3) Field pieces don’t have to be expensive. To produce most field pieces all you need is a camera operator, maybe an audio technician, maybe a director, and your on-camera talent. And you’re already paying those people.
4) Field pieces don’t have to be time consuming. Jay Leno and his staffers could shoot a semi-scripted remote involving civilians, like “Jaywalking,” in an hour-and-a-half. Even a more elaborate remote is often producible in a couple of hours.
For example, one time I took Jay and Charlie Sheen up to the Hollywood Sign, where Charlie threw a baseball through the D; the Olympics were underway and we made that Charlie’s event. We shot the piece in the morning, edited it that afternoon, and rolled it into the show that evening during Charlie’s interview.
5) Field pieces can be edited. If, say, the piece involves the host using unpredictable civilians for comedy, all the weak material can be cut out before the piece airs. That’s why finished field pieces tend to have a high laugh density.
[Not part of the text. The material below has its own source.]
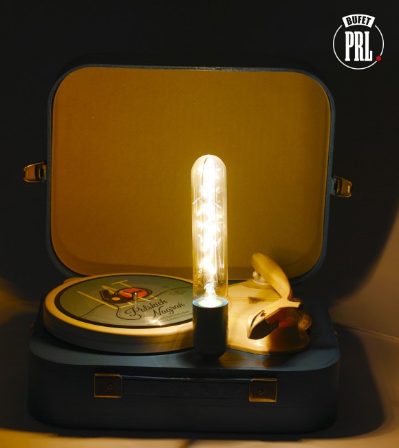 Lampka może pełnić funkcję stolika, na talerzu i płycie można postawić winko, kawę, książkę. Choć uwaga, wszystkiego oryginalnie ruchome części pozostawiłem ruchome 🙂 Ramię, talerz i przełącznik do trzech różnych prędkości się ruszają.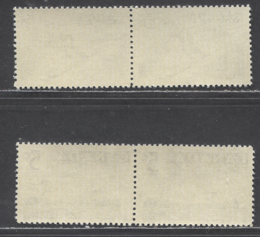 Canada #365i, 368i 5c Deep Ultramarine Skiing, Canoeing, 1957 Recreational Sports Issue, 2 VFNH Identical Pairs,Smooth Paper, Ribbed On Back, Streaky Cream Semi-Gloss Gum, Scarce, As Most Would Have Been Split

Jay Leno did field pieces often. Dave Letterman, Conan O’Brien, and Jimmy Kimmel (or one of their correspondents) do field pieces. The streets of Manhattan are certainly a convenient and target-rich environment for comedy.
So here’s hoping that Jimmy Fallon and Seth Meyers take advantage of the pleasant weather and get out more often.
With their improv skills I think they’d be terrific at field pieces. Feeding the late-night beast every day is harder than it has to be if you’re only ordering off one side of the comedy menu.